Quote Originally Posted by dalor
So you really don`t think that if the Pope could literally cause Angels to come to earth and invoke the will of an All-Mighty God...and not only the Pope but Cardinals, Arch-Bishops, Bishobs and even the lowly Friar...
If the Pope can summon angels, and he declares the Emperor Louis the Bavarian to be excommunicated, but the Archbishops of Mainz, Cologne, and Trier, who can also summon angels, argue that the Emperor is unjustly excommunicated, and in the right, why should I believe the Pope over the Archbishops? What if the Pope has also fought with the Franciscan order, bans the Franciscans, and all of them, lowly friars, continue to benefit from the grace of God and cast spells and sumon angels, and the Franciscans support the Emperor. Further, the Pope seems to be taking directions on at least some matters from the King of France, and learned people, such as Petrarch decry the Papacy and speak of an Avignon Papacy?

There is nothing in the D&D rules for declaring that one orthodoxy is correct, and the other is false. There are rules that say that defying your god will cost you spells. But let's be eccumenical and assume that Protestants please god as much as Catholics, and in such case both have spells, both summon angels, both have all the powers one would expect of functioning clerics in good standing.

Priests of Haelyn can be LE or CG. Both get spells, not only do they have different alignments, they can be expected to differ on the authority of priests over the faithful, the hierarchy of the church, responce to orthodoxy, literal interpretations of texts. We know that Fitzalan produced a significant theologiocal break with the Orthodox Imperial Temple, and both of them can cast Haelyn's spells and win his favor.

I think ConjurerDragon did a great job describing why things we consider natural the medieval mind would consider miraculous and direct evidence of divine action manifest. So I'll just add that the medieval experience with religion was not about faith. Faith is a modern invention to answer people's need for a diety now that we can explain the natural world without recourse to divinities. The medieval world needed to explain storms and natural disasters, and the death of children, plagues, indeed anything out of the ordinary and many ordinary things, like death, that were important. These were explained by recourse to the divine.

One's crops grow because God wills the crops to grow and feed us (there are Biblical texts which make this argument). Moderns believe that crops grow because water activates seeds which absorb nutrients and water then use sunlight to convert these into food, and grow according to natural laws.

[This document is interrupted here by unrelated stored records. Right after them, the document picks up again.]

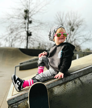 Sizing: Infant/XXS 0-3 Toddler Extra Small 3-6 Toddler Small 7-10 Toddler Medium 10-13 Toddler/Kids Large 1-7 Big Kids/Womens 4-10/Mens 4-8 Sizes Extra Small + Small have logo grips on the bottom of the feet and Medium + large have a stitched logo on the bottom of the feet.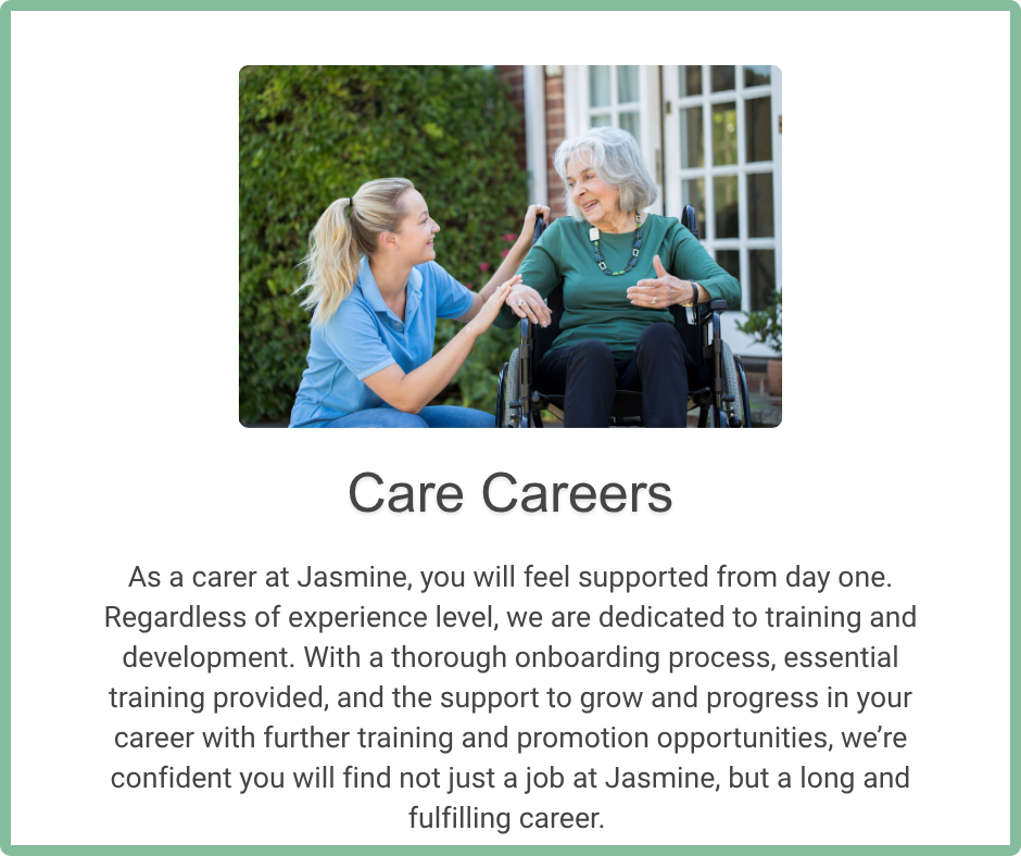 We know working in the care sector is hard work and emotionally demanding, albeit extremely rewarding. That’s why Jasmine are committed to paying team members in excess of the National Living Wage. We believe in thanking and rewarding our team for the amazing work they do.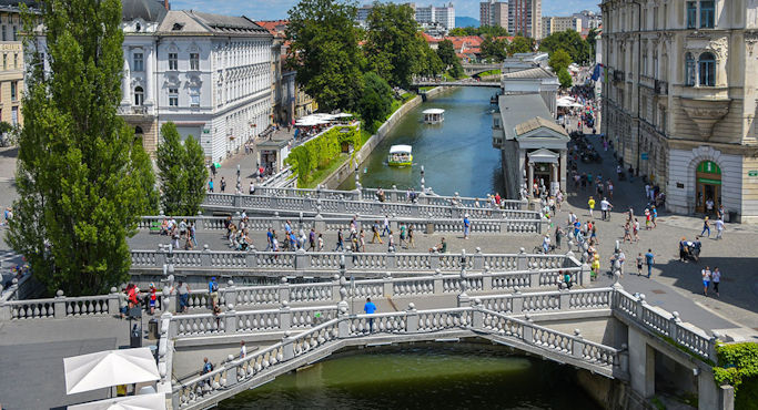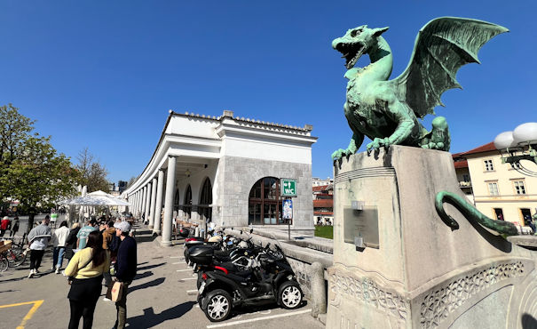In Laibach parken wir am Burgberg direkt vor dem Schloss und fahren mit der Standseilbahn ins Stadtzentrum hinunter. Ljubljana ist uns sehr sympathisch, es ist warm und die Gastronomie spielt sich schon im Freien ab. Wir spazieren durch die ausgedehnte Fußgängerzone, die schmale und geschwungene Markthalle mit ihren Kollonaden entlang, und sehen uns den Dom an. Mehrere unverwechselbare Brücken queren die Ljubljanica, die in einem großen Bogen um den Burgberg fließt: Drachenbrücke, Dreibrücken, Schusterbrücke. Auf der Neustadtseite des Flusses fasziniert der Kongressplatz mit der Ursulinenkirche. Wir übernachten am Mola-See kurz vor der Grenze zu Kroatien. Km 114/471.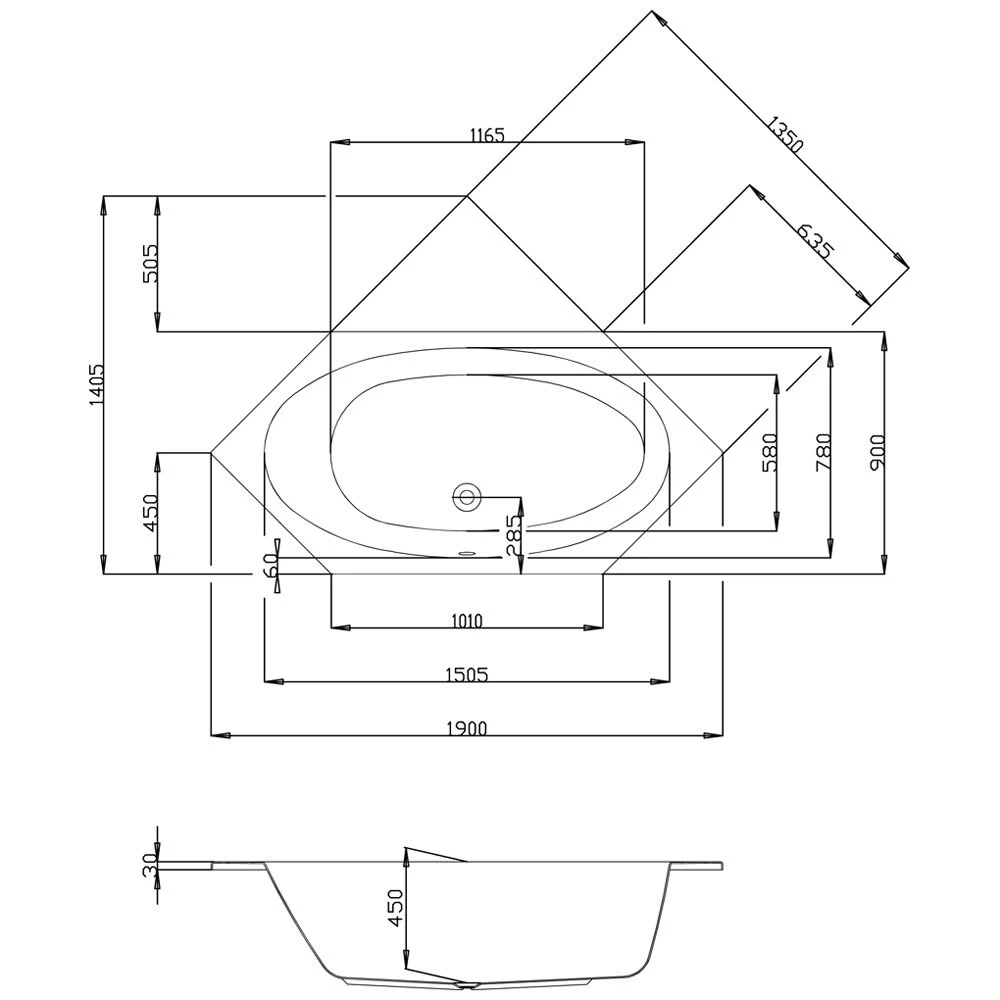 Hoesch Armada Sechseck-Badewanne 190 x 90 cm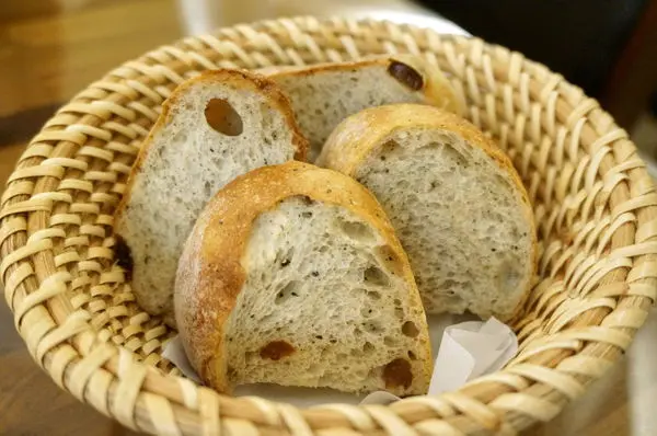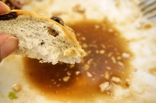 龍眼木窯烤麵包, 吃起來像歐式麵包口感, 麵包吃起來還蠻綿密的, 裡面還有一些葡萄乾, 感覺很養生呢XD 小米是吃到一點點紅茶香味, 不知是否是木香所造成的, 用來佔紅酒醋還不錯吃. 試過沾他們的湯倒是還好. 可以跳過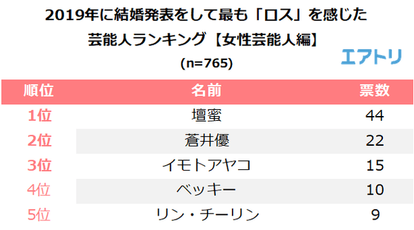 2019年に結婚発表をして最も「ロス」を感じた女性芸能人を聞いたところ、人気漫画家「清野とおる」と結婚した「壇蜜(44票)」が1位となりました。2位は南海キャンディーズの山ちゃんこと「山里亮太」と結婚した「蒼井優(22票)」、3位は出演番組の生放送で結婚を発表した「イモトアヤコ(15票)」でした。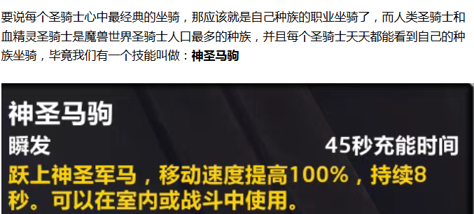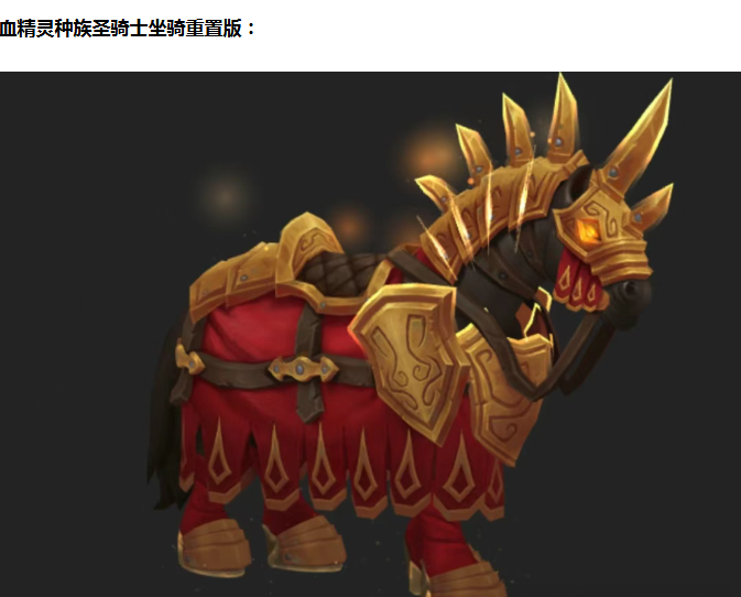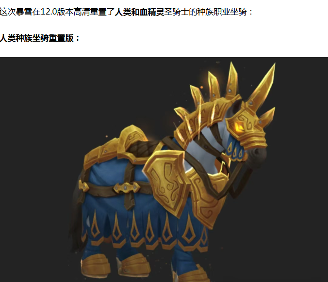 这两个坐骑的贴图都变成高清贴图了,而且更具部落和联盟的风格,联盟的蓝和部落的红都渲染的恰到其处,在12.0至暗之夜版本,圣骑士是绝对的主角,现在暴雪也趁此机会将圣骑士一些老旧的模型更新,而且之前数据挖掘在12.0极有可能会全种族圣骑士,大家拭目以待!

Its science. To the medieval the harvest was a miracle, and more so, the success of the harvest was a description of God's favor. A poor harvest showed disfavor, a good harvest strong favor. Then recall we must work in natural disasters and disease.

As an aside, the landmark event that caused moderns to consider this issue in a serious way was the Lisbon earthquake of 1755, on All Saints Day while everyone was in church. To see a country's capital slain in church no less, to see the earthquake tumble the city, fires consume the city, and then a tsunami overwhelm the city, is a grave crisis. The old world view attributed this to the wrath of God, but moderns argued other causes, from the congestion of cities (Rousseau) to the arbitrary fragility of life and death (Voltaire), to more naturalistic explanations that volcanos and earthquakes are controlled by as yet undiscovered natural processes (techtonics and vulcanology are still way off).

Using spells and class powers to heal people, summon angels (to keep with this example), and perform miracles is just a game mechanical way of recreating the ideas that the medieval era had of itself (directly, indirectly through its own fantastic literature, and more indirectly through our fantasy literature which is just an evolution of earlier fantasies). If people never thought that gods were real and made work in the affairs of men, we not play games that pretended that there were such gods.